The Bank's obligation to make the payments provided for in, and
otherwise to perform its obligations under, this Agreement shall not be affected
by any set-off, counterclaim, recoupment, defense or other claim, right or
action that the Bank may have against McAuliffe or others. In no event shall
McAuliffe be obligated to seek other employment or take any other action by way
of mitigation of the amounts payable to McAuliffe under any of the provisions of
this Agreement and such amounts shall not be reduced, regardless of whether
McAuliffe obtains other employment so long as such other employment does not
conflict with the obligations set forth in Section 10 below. The Bank agrees to
pay, as incurred, to the fullest extent permitted by law, all legal fees and
expenses that McAuliffe may reasonably incur as a result of any contest by the
Bank, McAuliffe or others of the validity or enforceability of, or liability
under, any provision of this Agreement, together with interest on any delayed
payment at the applicable Federal rate provided for in Section 7872(f)(2)(A) of
the Internal Revenue Code of 1986, as amended, but only upon the condition that
the contest is in the context of or relates to a "change of control" as that
term is defined in Paragraph (d) of Section 4 above.

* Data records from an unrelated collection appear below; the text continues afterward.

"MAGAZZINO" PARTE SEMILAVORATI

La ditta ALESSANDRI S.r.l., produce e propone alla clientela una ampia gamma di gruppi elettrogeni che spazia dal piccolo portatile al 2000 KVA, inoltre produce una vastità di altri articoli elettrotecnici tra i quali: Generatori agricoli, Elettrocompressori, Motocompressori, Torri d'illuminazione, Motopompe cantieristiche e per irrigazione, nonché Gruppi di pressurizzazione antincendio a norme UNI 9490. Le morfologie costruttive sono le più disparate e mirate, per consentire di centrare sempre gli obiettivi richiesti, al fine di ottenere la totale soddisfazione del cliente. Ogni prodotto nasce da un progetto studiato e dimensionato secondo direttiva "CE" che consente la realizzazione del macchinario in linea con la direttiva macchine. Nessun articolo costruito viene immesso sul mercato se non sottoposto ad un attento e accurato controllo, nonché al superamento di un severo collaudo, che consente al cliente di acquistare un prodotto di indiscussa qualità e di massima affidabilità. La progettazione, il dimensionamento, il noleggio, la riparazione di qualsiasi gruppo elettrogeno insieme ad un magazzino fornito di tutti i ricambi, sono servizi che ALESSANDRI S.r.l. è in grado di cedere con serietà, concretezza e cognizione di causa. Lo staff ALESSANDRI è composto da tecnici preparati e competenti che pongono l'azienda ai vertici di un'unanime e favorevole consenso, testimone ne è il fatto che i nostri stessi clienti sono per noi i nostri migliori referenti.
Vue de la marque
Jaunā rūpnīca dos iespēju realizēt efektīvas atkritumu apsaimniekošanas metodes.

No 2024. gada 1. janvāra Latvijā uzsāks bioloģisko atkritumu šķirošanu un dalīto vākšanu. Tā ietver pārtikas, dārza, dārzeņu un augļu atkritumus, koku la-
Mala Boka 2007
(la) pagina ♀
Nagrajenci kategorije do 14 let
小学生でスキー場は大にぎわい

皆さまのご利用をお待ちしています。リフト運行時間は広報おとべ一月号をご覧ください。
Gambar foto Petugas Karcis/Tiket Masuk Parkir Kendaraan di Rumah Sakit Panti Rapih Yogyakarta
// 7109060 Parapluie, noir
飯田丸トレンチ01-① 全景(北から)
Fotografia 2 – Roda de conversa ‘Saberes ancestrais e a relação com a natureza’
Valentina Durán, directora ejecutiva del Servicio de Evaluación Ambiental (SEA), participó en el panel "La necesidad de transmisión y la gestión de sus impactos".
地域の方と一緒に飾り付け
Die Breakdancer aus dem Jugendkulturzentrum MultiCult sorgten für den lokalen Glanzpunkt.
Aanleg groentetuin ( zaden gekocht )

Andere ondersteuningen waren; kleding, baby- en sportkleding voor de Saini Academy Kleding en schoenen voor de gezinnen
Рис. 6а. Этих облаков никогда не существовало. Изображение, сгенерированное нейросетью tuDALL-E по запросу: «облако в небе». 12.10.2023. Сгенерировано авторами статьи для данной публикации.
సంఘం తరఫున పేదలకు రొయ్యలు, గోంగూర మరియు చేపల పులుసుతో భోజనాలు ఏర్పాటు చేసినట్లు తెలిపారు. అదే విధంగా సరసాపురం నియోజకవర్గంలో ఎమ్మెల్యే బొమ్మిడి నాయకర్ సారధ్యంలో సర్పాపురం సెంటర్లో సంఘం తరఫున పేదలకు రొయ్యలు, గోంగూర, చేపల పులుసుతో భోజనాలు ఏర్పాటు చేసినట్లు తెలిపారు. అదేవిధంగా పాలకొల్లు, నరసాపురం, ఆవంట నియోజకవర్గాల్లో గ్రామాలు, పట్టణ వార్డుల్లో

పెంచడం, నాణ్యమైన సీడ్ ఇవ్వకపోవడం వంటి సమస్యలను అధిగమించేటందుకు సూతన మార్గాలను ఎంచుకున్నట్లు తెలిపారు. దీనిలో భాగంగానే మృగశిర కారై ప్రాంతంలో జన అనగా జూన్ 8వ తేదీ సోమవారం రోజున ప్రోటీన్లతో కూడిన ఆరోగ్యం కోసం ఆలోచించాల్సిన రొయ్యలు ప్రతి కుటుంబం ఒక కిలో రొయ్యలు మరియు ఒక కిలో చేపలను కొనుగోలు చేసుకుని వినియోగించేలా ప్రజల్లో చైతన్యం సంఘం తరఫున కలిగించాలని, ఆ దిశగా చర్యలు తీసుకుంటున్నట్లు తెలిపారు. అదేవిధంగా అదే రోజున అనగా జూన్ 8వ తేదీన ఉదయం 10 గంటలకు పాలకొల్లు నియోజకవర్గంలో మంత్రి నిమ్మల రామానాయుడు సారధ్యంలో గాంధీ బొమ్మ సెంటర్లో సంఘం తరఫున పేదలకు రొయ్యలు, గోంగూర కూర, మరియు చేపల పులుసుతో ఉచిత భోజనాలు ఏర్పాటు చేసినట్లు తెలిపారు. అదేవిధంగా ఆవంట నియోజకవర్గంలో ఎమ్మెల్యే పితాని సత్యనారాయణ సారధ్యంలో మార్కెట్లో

9. CONFIDENTIAL INFORMATION.
McAuliffe shall hold in a fiduciary capacity for the benefit of the
Bank all secret or confidential information, knowledge or data relating to the
Bank or any company affiliated therewith and their respective businesses that he
obtains during his employment by the Bank and that is not public knowledge
(other than as a result of McAuliffe's violation of this Section 9)
("Confidential Information"). McAuliffe shall not communicate, divulge or
disseminate Confidential Information at any time during or after his employment
with the Bank, except with the prior written consent of the Bank or as otherwise
required by law or legal process.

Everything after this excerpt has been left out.